**Your objective:** Word for word, and without a single picture, repeat the entries.

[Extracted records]

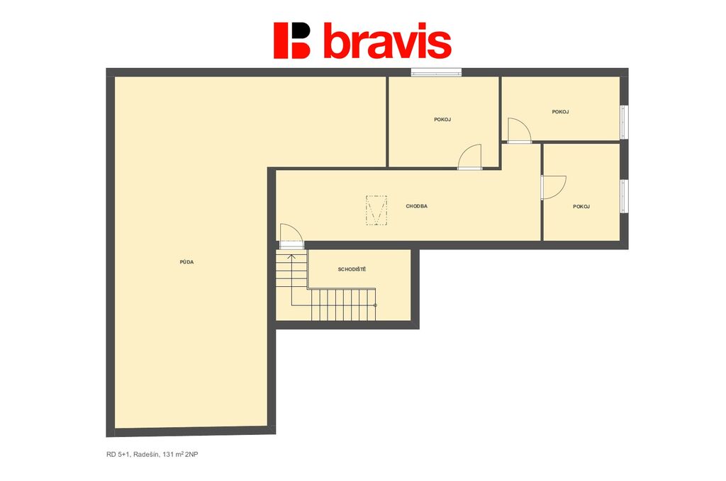 V podkroví, do kterého se dostanete venkovním schodištěm, je velká chodba a 3 pokoje.
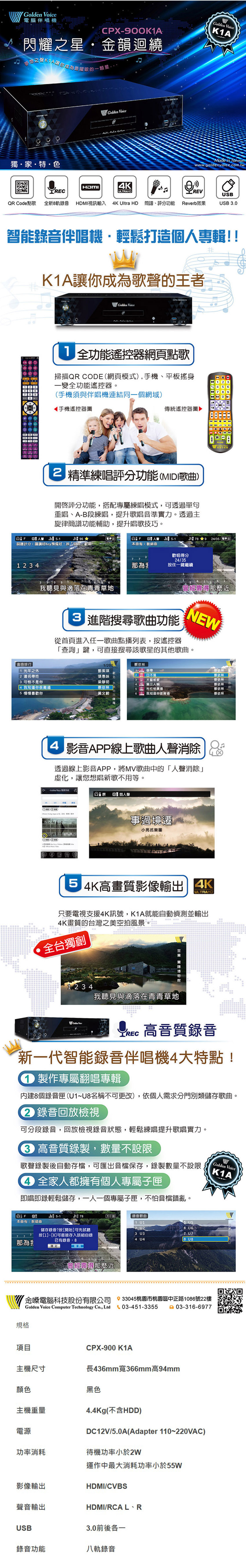 Golden Voice 金嗓 CPX-900 K1A家庭劇院型伴唱機 4TB 家用KTV
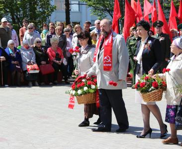 Флаги партии, под руководством которой страна защищалась от германских захватчиков, флаги Великой Победы развевались над собравшимися. Красные гвоздики в руках у участников митинга символизировали капли крови.
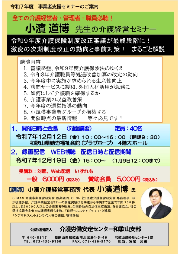 令和7年度 小濱道博先生の介護経営セミナー申込受付中です。
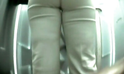 Sweet and succulent round pale flesh booty filmed in the toilet room
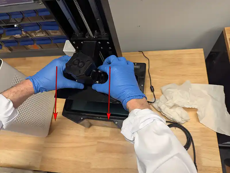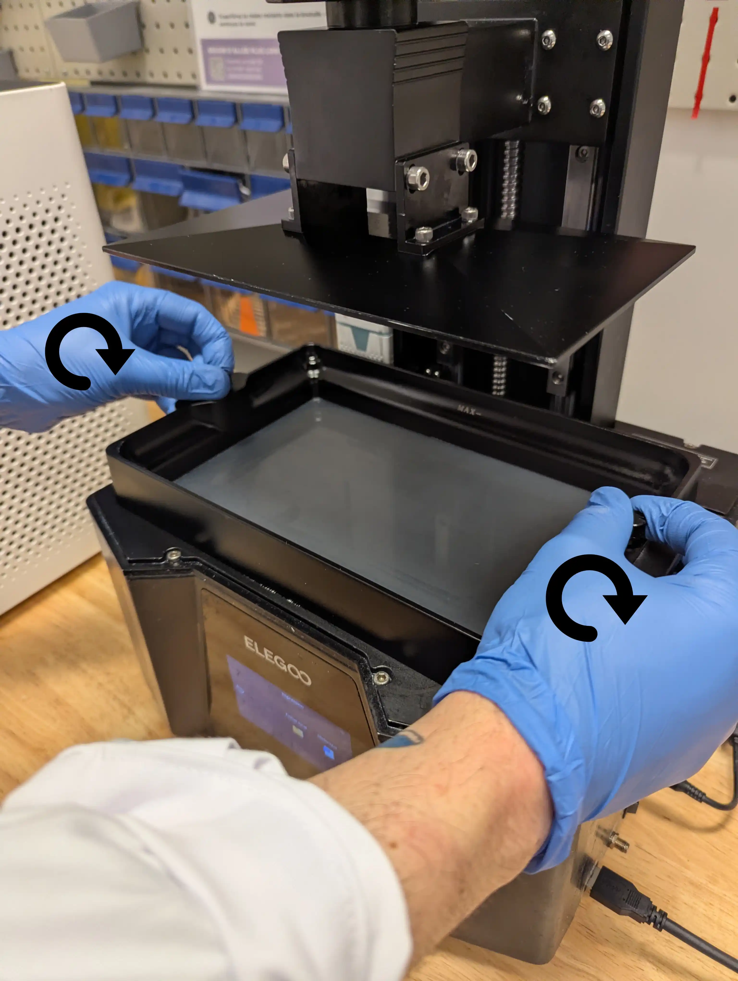 Dévisser les deux vis qui fixent le bac à résine à l'imprimante

**Exercise output:**
 V podkroví, do kterého se dostanete venkovním schodištěm, je velká chodba a 3 pokoje.
 Golden Voice 金嗓 CPX-900 K1A家庭劇院型伴唱機 4TB 家用KTV
 Флаги партии, под руководством которой страна защищалась от германских захватчиков, флаги Великой Победы развевались над собравшимися. Красные гвоздики в руках у участников митинга символизировали капли крови.
 令和7年度 小濱道博先生の介護経営セミナー申込受付中です。
 Sweet and succulent round pale flesh booty filmed in the toilet room
 Dévisser les deux vis qui fixent le bac à résine à l'imprimante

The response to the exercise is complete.